In this lab we will further explore sklearn and NLTK's capabilities for processing text. We will use the 20 Newsgroup dataset, which is provided by sklearn.

In [1]:
import pandas as pd
import numpy as np
import matplotlib.pyplot as plt
import seaborn as sns

plt.style.use('ggplot')
sns.set(font_scale=1.5)
%config InlineBackend.figure_format = 'retina'
%matplotlib inline

In [2]:
# Getting the Sklearn Dataset
from sklearn.datasets import fetch_20newsgroups

### 1. Use the `fetch_20newsgroups` function to download a training and testing set.

Look up the [function documentation](http://scikit-learn.org/stable/datasets/twenty_newsgroups.html) for how to grab the data.

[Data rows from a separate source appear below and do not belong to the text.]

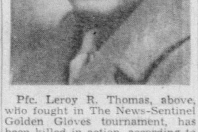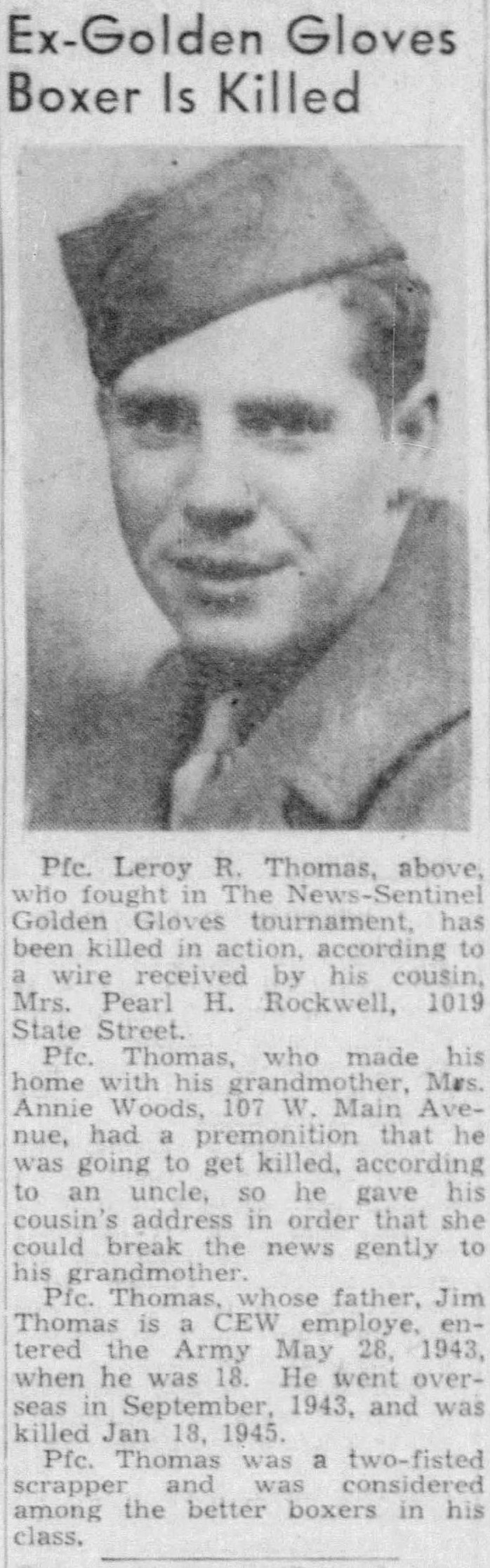 Pfc. Leroy R. Thomas, who fought in The News-Sentinel Golden Gloves tournament, has been killed in action, according to a wire received by his cousin, Mrs. Pearl H. Rockwell, 1019 State Street. Pfc. Thomas, who made his home with his grandmother, Mrs. Annie Woods, 107 W. Main Avenue, had a premonition that he was going to get killed, according to an uncle, so he gave his cousin’s address in order that she could break the news gently to his grandmother. Pfc. Thomas, whose father, Jim Thomas is a CEW employe, entered the Army May 28, 1943, when he was 18. He went overseas in September, 1943, and was killed Jan. 18, 1945
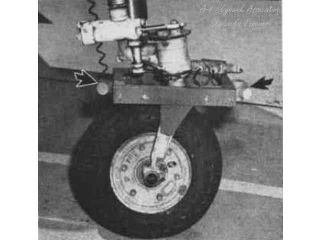 Circa 1963: Naval Air Testing Facility Skyhawk BuNo 137819 as AN R. Howey demonstrates this Scooters ability to taxi unaided along an electronic guide-way. BuNo 137819 close-up of the nose wheel pick-up coils that allow this Scooter to taxi un-aided along an electronic guide-way. Naval Aviation News photo.
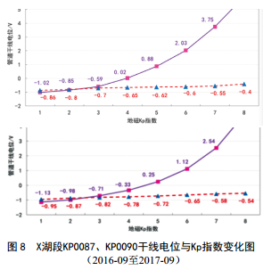 (4)當(dāng)Kp指數(shù)為8時(shí),輸氣管道KP0087、KP0090處于欠保護(hù)狀態(tài)。
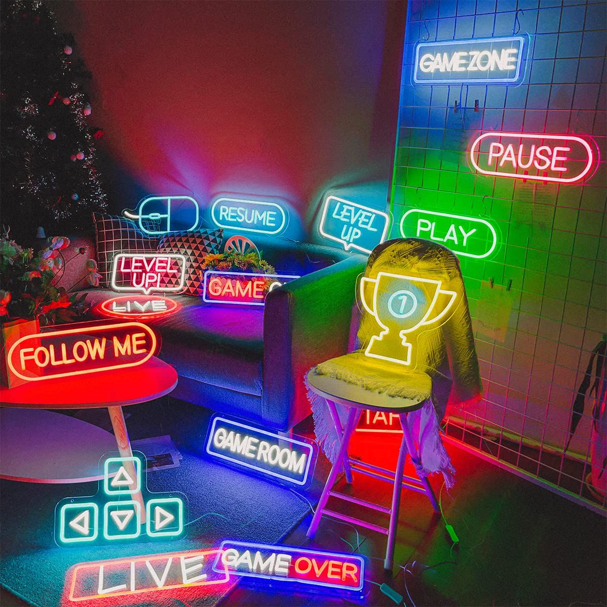 [Atmosphere neon light] -You can easily use the attached hooks and chains to hang the LED neon lights on the wall, windows and game accessories in the bar area of the player's room decoration or gathering.
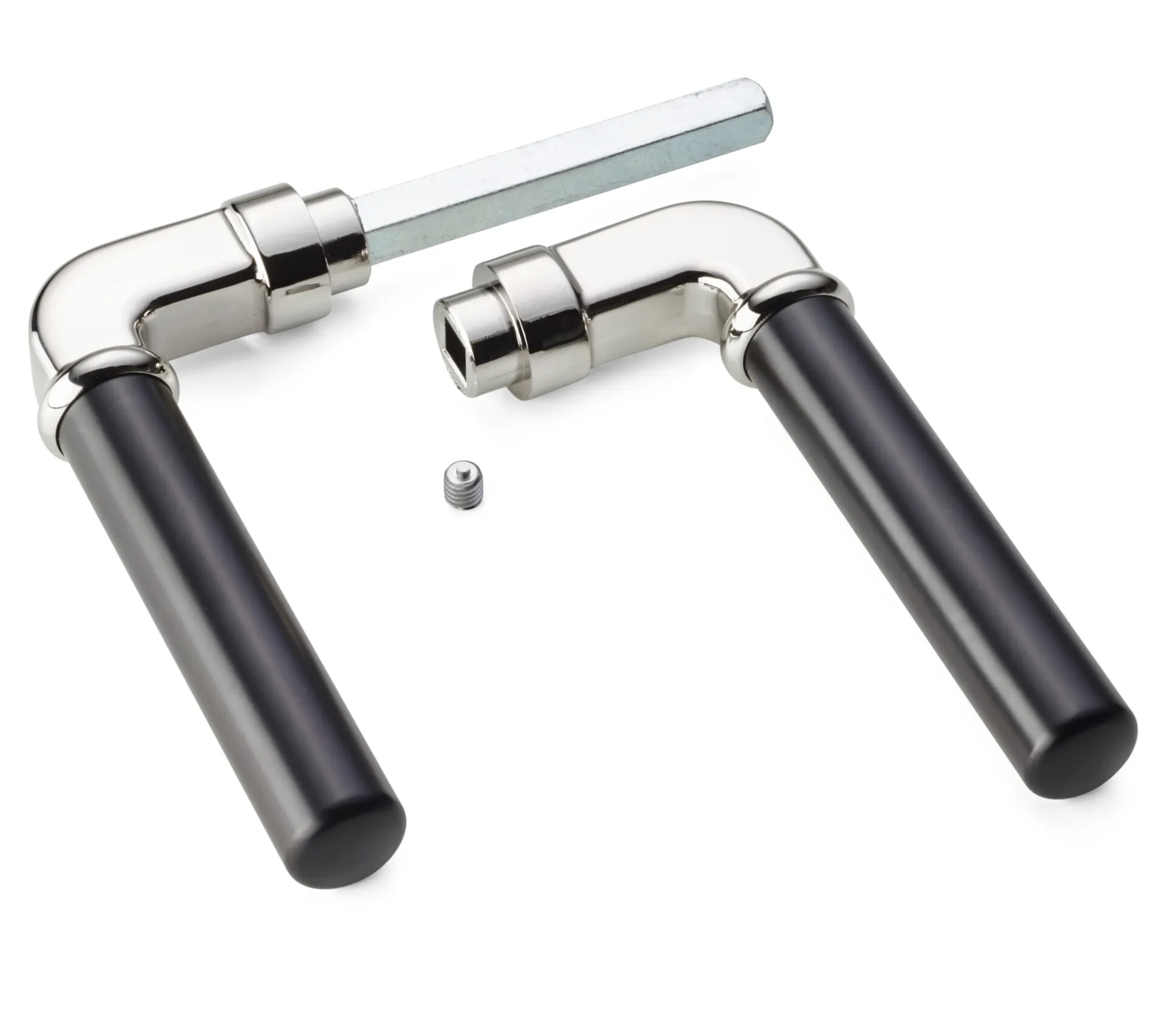 2 Türklinken aus Zinkdruckguss, vernickelt und poliert. Griffstück schwarz lackiert. Grifflänge 11,5 cm, 2 cm Ø. Gewicht eines Griffs 190 g. Zu verwenden mit den passenden Langschildern oder Rosetten (welche nicht in der Lieferung enthalten sind). Lieferung ohne Schrauben.

You should pull these categories:
- `alt.atheism`
- `talk.religion.misc`
- `comp.graphics`
- `sci.space`

Also remove the headers, footers, and quotes using the `remove` keyword argument of the function.

In [3]:
# Extracting Information from the Data's Dictionary format 
# Categories of emails we want
categories = [
    'alt.atheism',
    'talk.religion.misc',
    'comp.graphics',
    'sci.space',
]
# Setting training data
data_train = fetch_20newsgroups(subset='train', categories=categories,
                                shuffle=True, random_state=42,
                                remove=('headers', 'footers', 'quotes'))
# Setting testing data
data_test = fetch_20newsgroups(subset='test', categories=categories,
                               shuffle=True, random_state=42,
                               remove=('headers', 'footers', 'quotes'))

### 2. Data inspection

We have downloaded a few newsgroup categories and removed headers, footers and quotes.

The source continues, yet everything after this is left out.